Without a certain focus on what you want to achieve next, you will get lost or go mad in the sea of information that is out there. Much is not needed for mundane vehicles and buildings, but there is much to harvest out there even for our simple needs.
A few techniques that come in my mind for starters are the following. Take these terms to Google, see what you get and refine. Bookmark other stuff but try to get one sample into the game and preserve it. Otherwise you are like me, with a harddisk full of cool bits and no output.
Tiling (matching the edges of a texture so you can reuse it without seams showing).
Get familiar with all the materials available in the target game. Try out for yourself when it pays off to have bump map, shine or ambient occlusion.
Invest in GIMP or Photoshop to learn stuff like evening out the lighting of the raw texture. Often one side is brighter than the other or there are some eye-catching features that you want to get rid of. Or you simply want to straighten out the brick rows. A great texture simply applied can show great effects and it performs better than complex materials.

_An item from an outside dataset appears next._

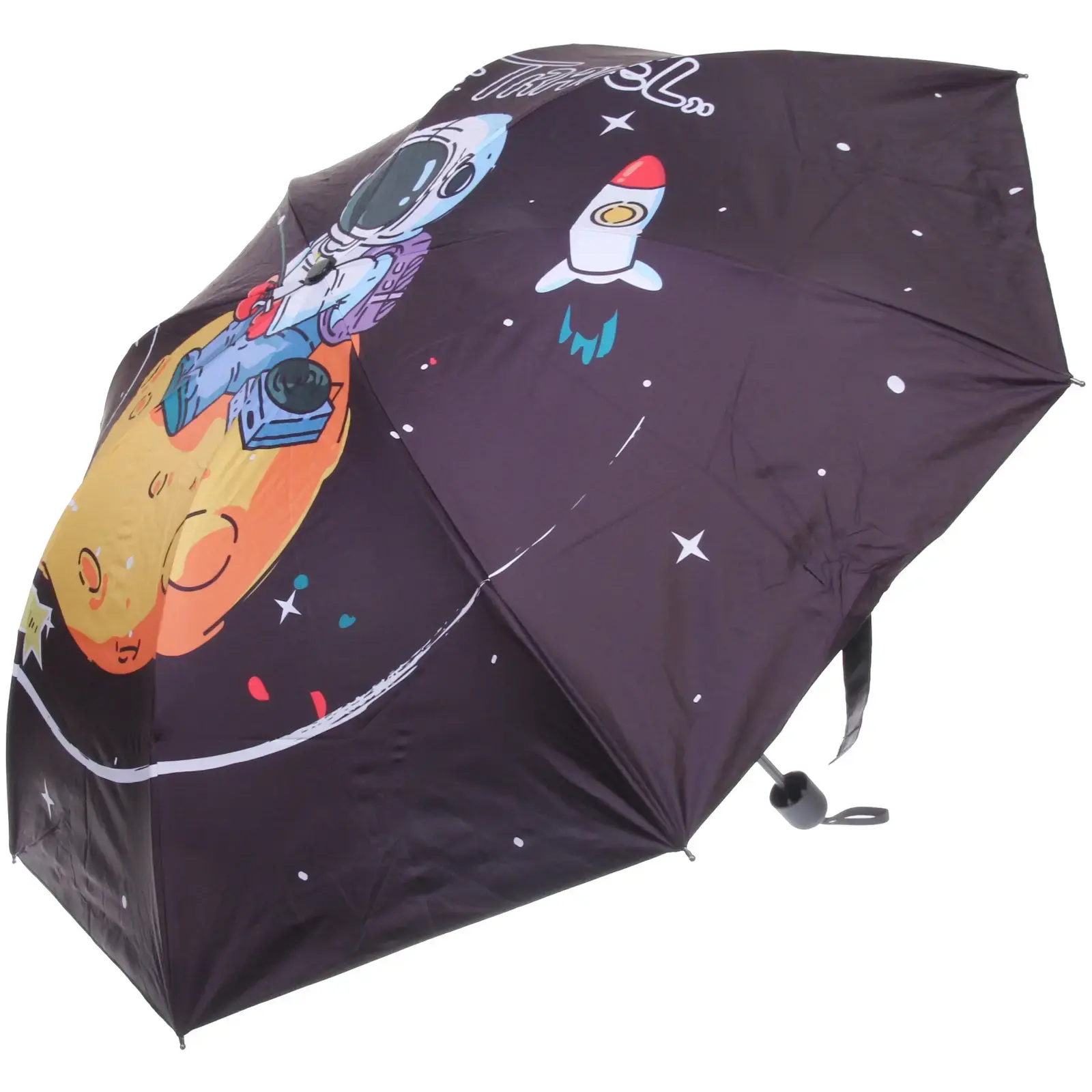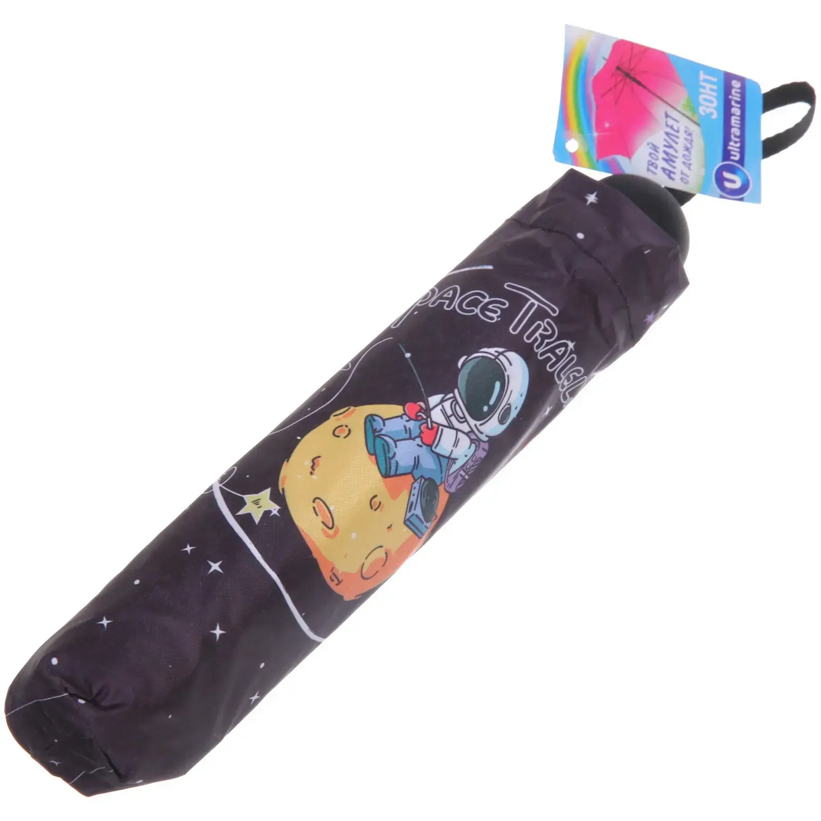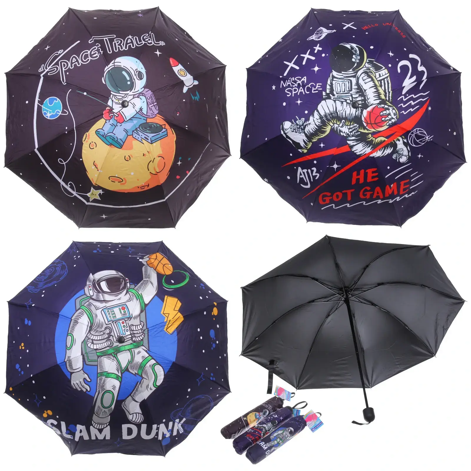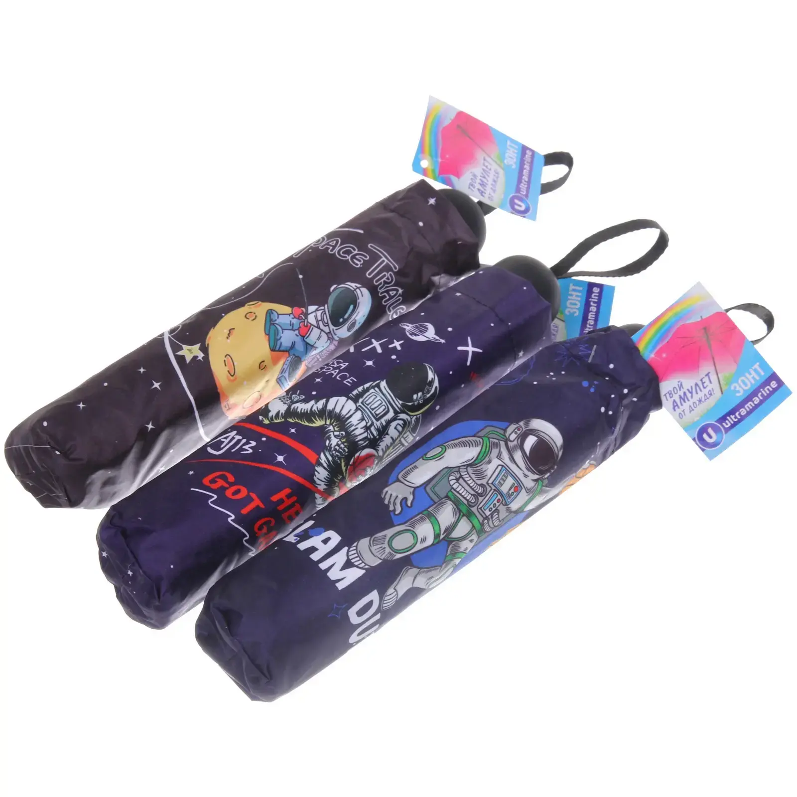 Зонт доступен в микс из 4 дизайнов: космические путешествия, астронавты, планеты и звезды. Цветовая гамма включает темно-синие, черные и фиолетовые оттенки с яркими принтами. Отгружается один товар, цвет определяется случайным образом.
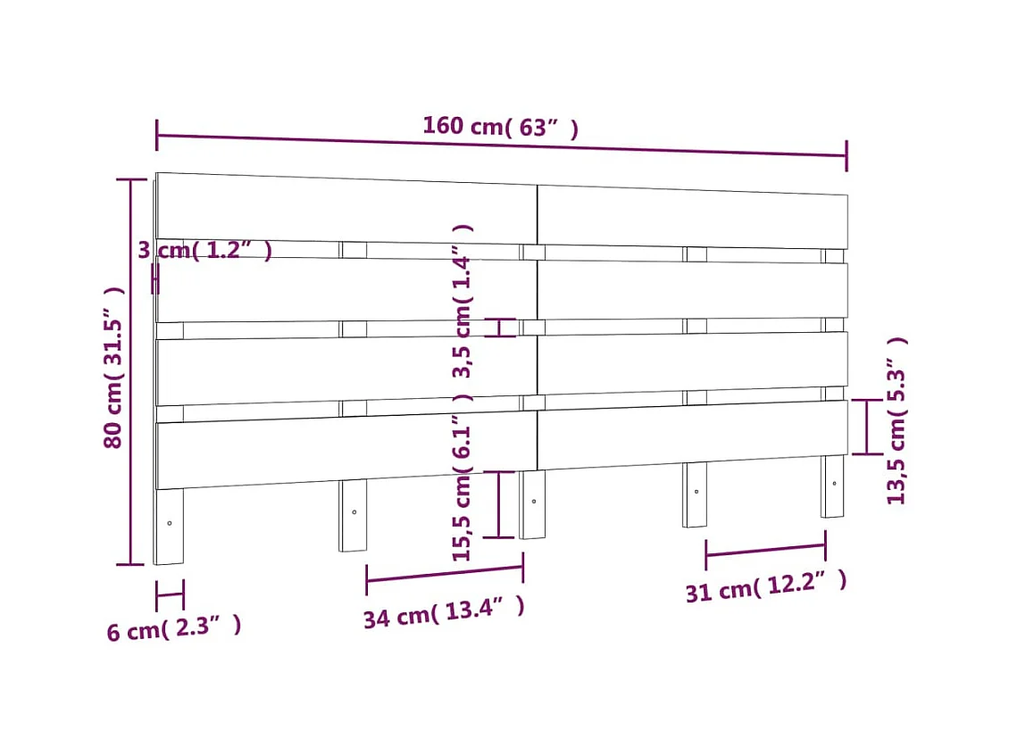 Cabecero de Cama | Cabezal de cama | Mueble de cabecero madera maciza de pino blanco 160x3x80 cm

Multiple UV maps let you mix repeated fine details with more blurry overall colour that hides the repetitions. Think of repeated brick pattern plus overall dirt or discolouring layer that is not repeated.
Ambitious people create a high-poly model (which is easier that one would assume if you forget about performance constraints in the game) and bake that onto a low-poly model to produce the texture. Surely not easy, but it frees you from most of the trouble with the 2D exercise of producing a great texture.
One cool place among many is:
https://cgmasters.net/category/free-tut ... s-shaders/This one mostly uses Blender. But don't get put off if they talk about software you don't use. The basic principles behind it are the same all the time.
Very valuable hints focussed on Rail Simulator = Railworks = Train Simulator 20xx:
http://railsimilarity.blogspot.com/http://dereksiddle.blogspot.com/http://the-art-of-rws.blogspot.com/Of course, not all are about texturing, but many deal with materials in one way or the other, and they are all first hand information with the focus on what we do as opposed to monsters, guns and face animation.